Eat the congregation, together,
smite them afraid, blast vessels.
O ye dead life, mercy, semblance
of a kind, a measure of shadow.
But, they had no prophet, neighbors
and friends, children of fate, troubled
the Others, remember them not, no-name,
wilderness sacrifices, sore consumed.
Desolation came and passed, Death,
bare the enemy, dead, desolate,
good and great together into the land,
begat headstones, seeds unto the earth.
Father of water, turn thyself,
out to sea, high between, separate,
sing of the living, purify mouths
and soul, fetch their inheritance.
Surge, rain on the wise borderlands,
pull the stopper, flush the tidal womb,
from the unleavened, and the unclean,
reborn, another offering to be devoured.
Another A.I. assist using a recently trained neural network using the King James version (KJV) as the corpus. Since this is the first neural network I tried myself, I learned many valuable lessons. It took 2.5 days the first go around, and the result was unusable because of all the newline characters in the original text. I didn’t realize that the text would have to be pre-processed or what it would entail. I plan on writing a post about the process of making Project Gutenberg texts usable as writing with the machine co-authors.

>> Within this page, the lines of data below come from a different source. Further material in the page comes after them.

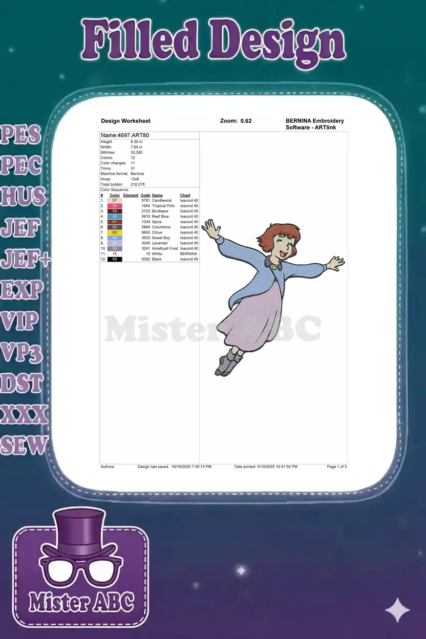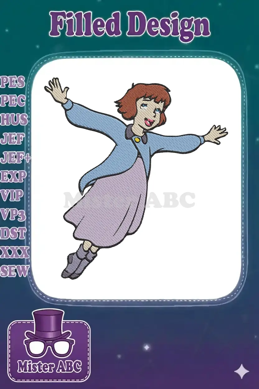 Joyful Flying Cartoon Girl Character Embroidery Designs – Instant Download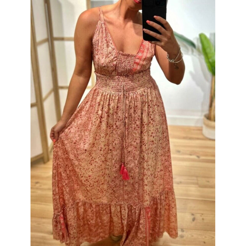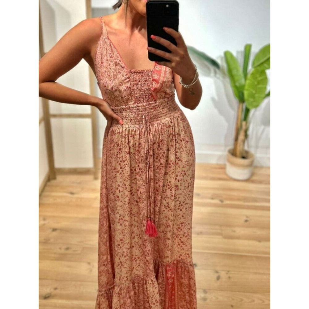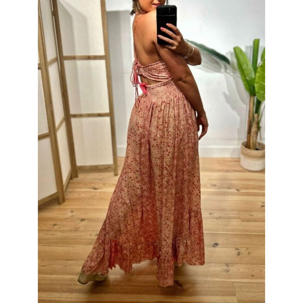 - Vestido largo de estilo boho-chic con panel avolantado en el bajo.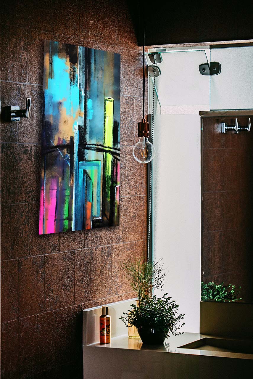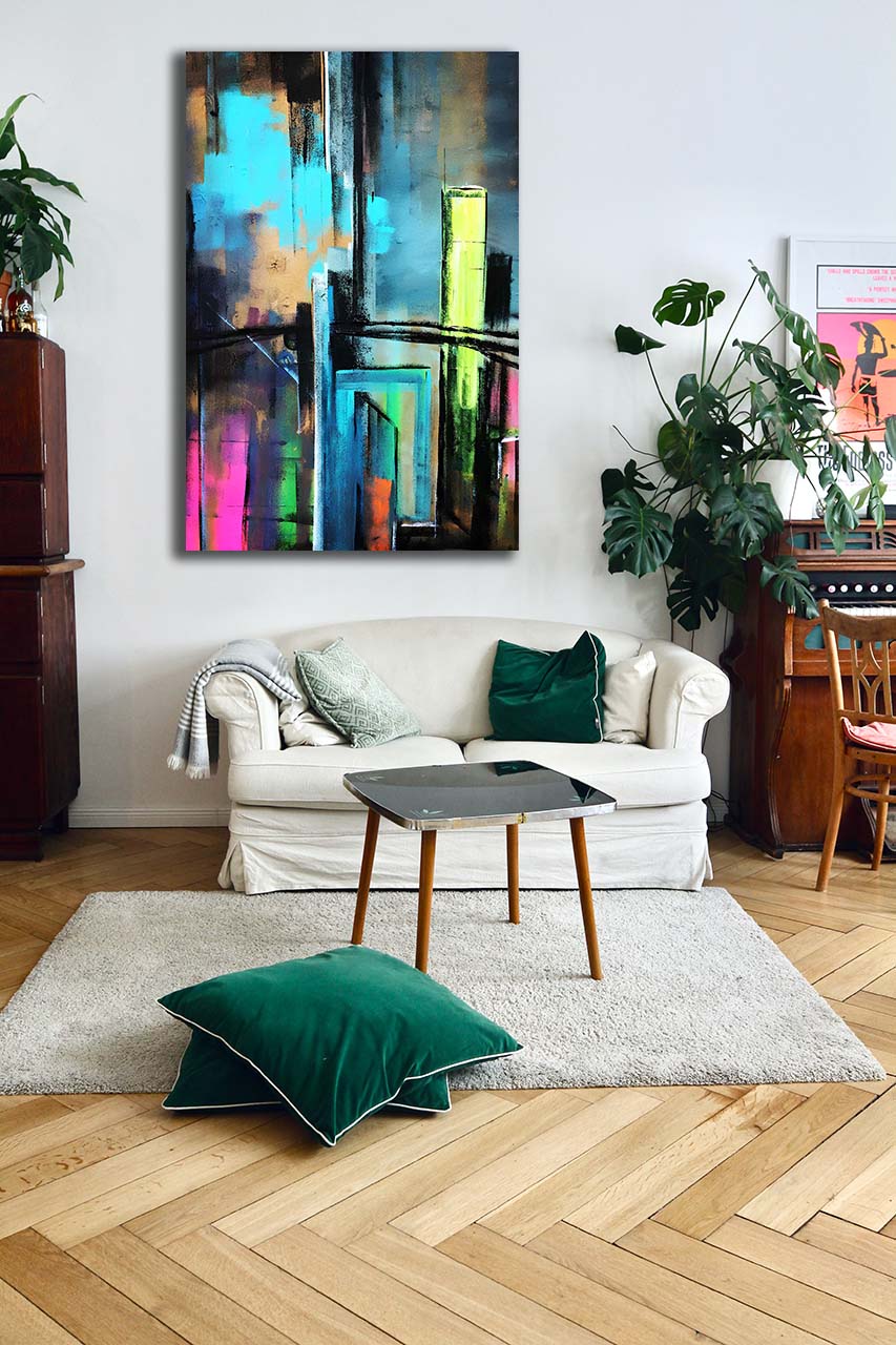 Mit Downtown holen Sie sich ein beeindruckendes Kunstwerk in Ihre Räume. Ob im Wohnzimmer, Büro oder Empfangsbereich, es wird garantiert alle Blicke auf sich ziehen und ein Gesprächsthema sein. Die abstrakte Interpretation der Großstadt fügt jedem Raum eine moderne und künstlerische Note hinzu.

Also, there is a point to be made about the inherent class obstacles in learning and using neural networks. The differences from having a dedicated machine running the right hardware is the difference between waiting days to train a new model or a few hours. On the other end, speed also limits how big of a data set you are willing to start with. The KJV is about 5MB, and it took 2 days. Robin Sloan’s pre-trained text is around 123MB. Spending 24+ days to train a model is a serious barrier to entry.